The Good News According to Hobby Lobby

By Anna Su | July 2, 2014

(Getty/Bloomberg)

(Getty/Bloomberg)

On June 30, the world did not end. For all the drama and hype that the Hobby Lobby case has generated, the Supreme Court decision was modest and quite narrow, as widely predicted by Court watchers. The central question was whether the Religious Freedom Restoration Act (RFRA) protected for-profit corporations from complying with the so-called contraceptive mandate under the Affordable Care Act on grounds that it was a violation of their religious beliefs. The Court’s 5-4 majority opinion, led by Justice Samuel Alito, said yes. As a result, the religious exemption claims of Hobby Lobby’s owners are evaluated by a test including a least restrictive means prong which the mandate failed to satisfy. That means the owners are exempted from having to pay for health insurance coverage for the four contraceptives they challenged. In solomonic fashion, the burden instead is passed on to either the government, or in the interest of efficiency, to the private insurer which would have to provide separate payments for the contraceptive services that are required to be covered, all without imposing any additional costs on the affected employees.

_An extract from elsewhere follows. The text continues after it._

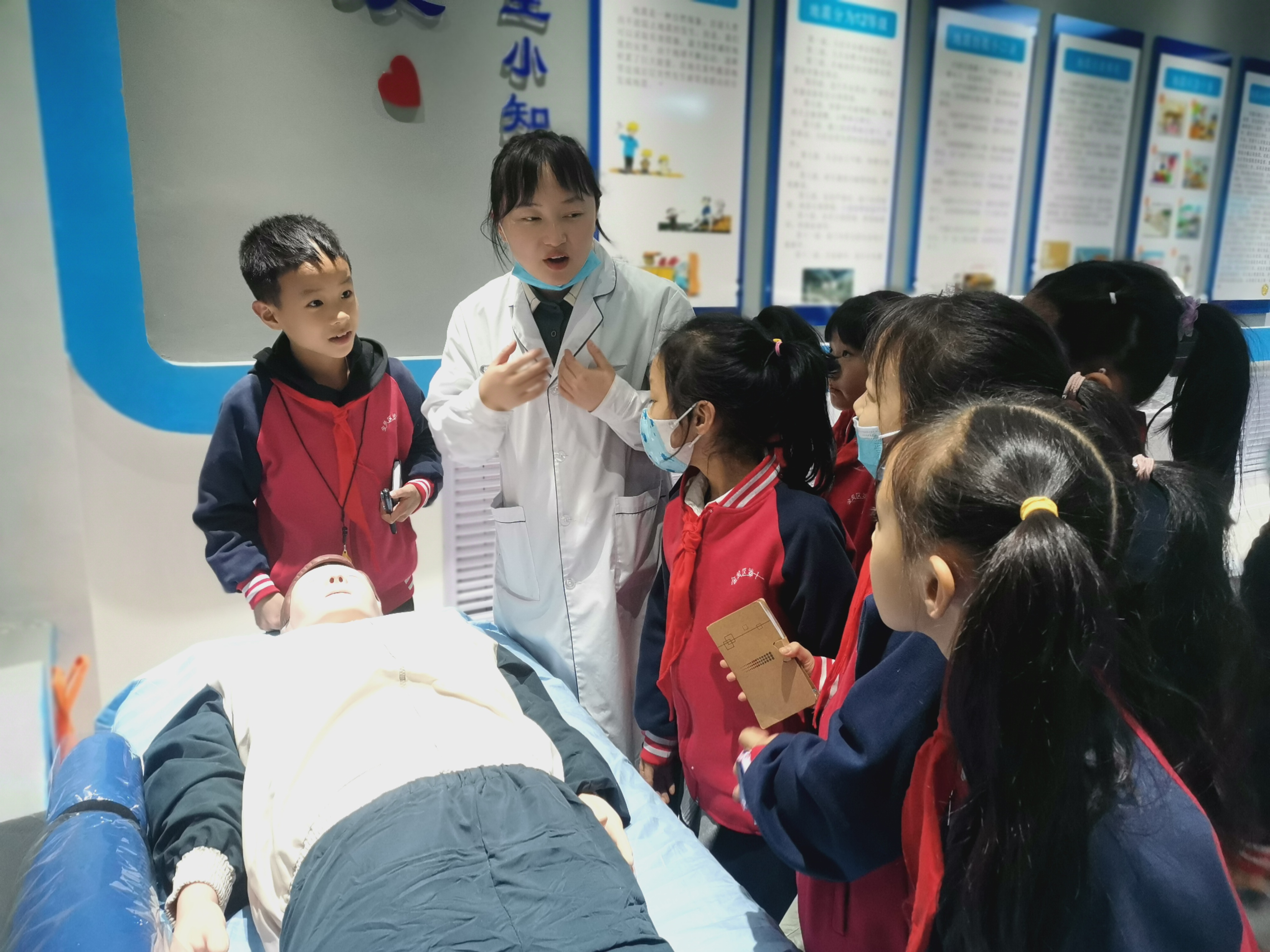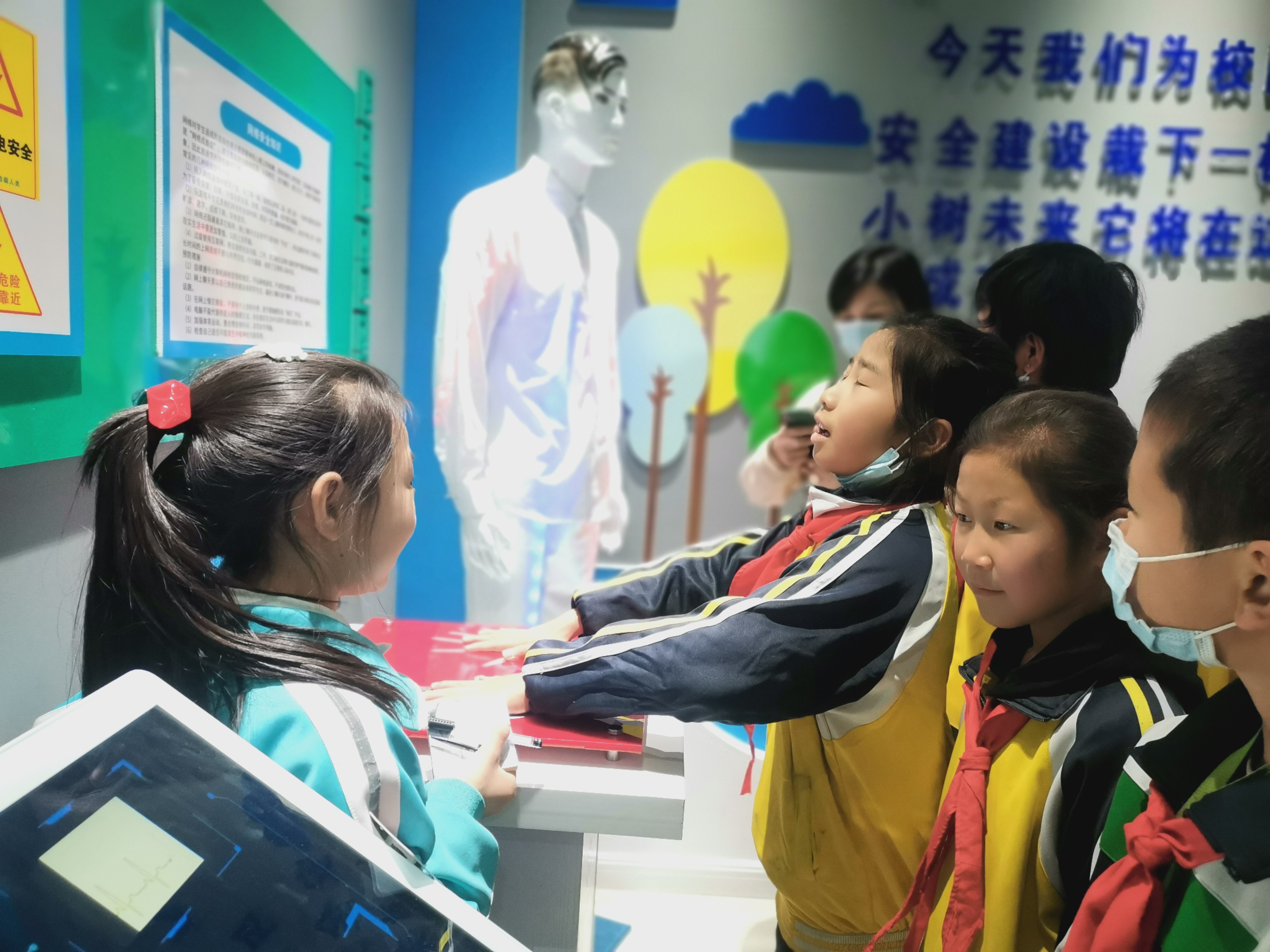 在各位小小讲解员的带领下,学生们多方位、多角度了解学习了禁毒、食品安全、防溺水、交通安全、防触电、消防安全等知识,提升了自身的安全意识。队员们通过人脸识别体验系统,“模拟”了吸毒前中后期的面容变化,进一步了解了毒品、认清了毒品的危害。来观看的同学们无不惊叹于虚拟现实技术的神奇魅力,发出阵阵喝彩。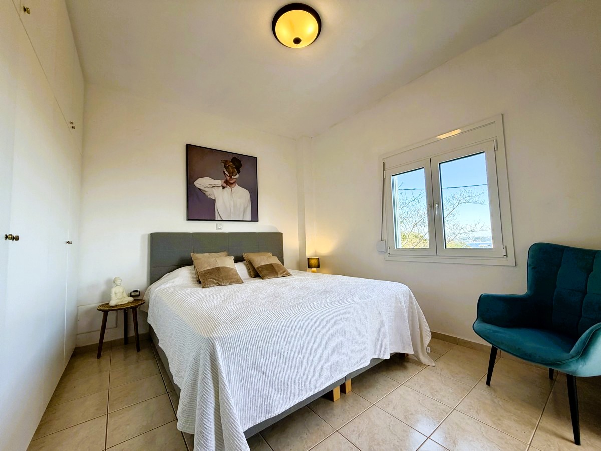 Outside, the home is surrounded by a mature orchard garden with a variety of fruit and nut trees, offering a peaceful, green setting and a taste of self-sufficient living. The concrete swimming pool is perfectly positioned to enjoy the open sea views, while generous outdoor areas provide space for relaxation and entertaining. The plot is fully fenced, making it ideal for families with children or dog owners seeking a secure outdoor environment.

Let me clarify at the outset what the Court did and did not say. The Court did acknowledge that women’s health is a compelling and legitimate government interest, one that Justice Kennedy took care to also point out in his brief concurring opinion. It did interpret RFRA’s definition of persons to include for-profit corporations, but limited it to closely-held corporations. It also noted that the protection is not for the organization per se but for the actual humans associated with the corporation. Lastly, in order to address slippery slope concerns, the Court explicitly stated that the exemption only covers contraception, and does not include exemptions from immunizations or illegal hiring discrimination.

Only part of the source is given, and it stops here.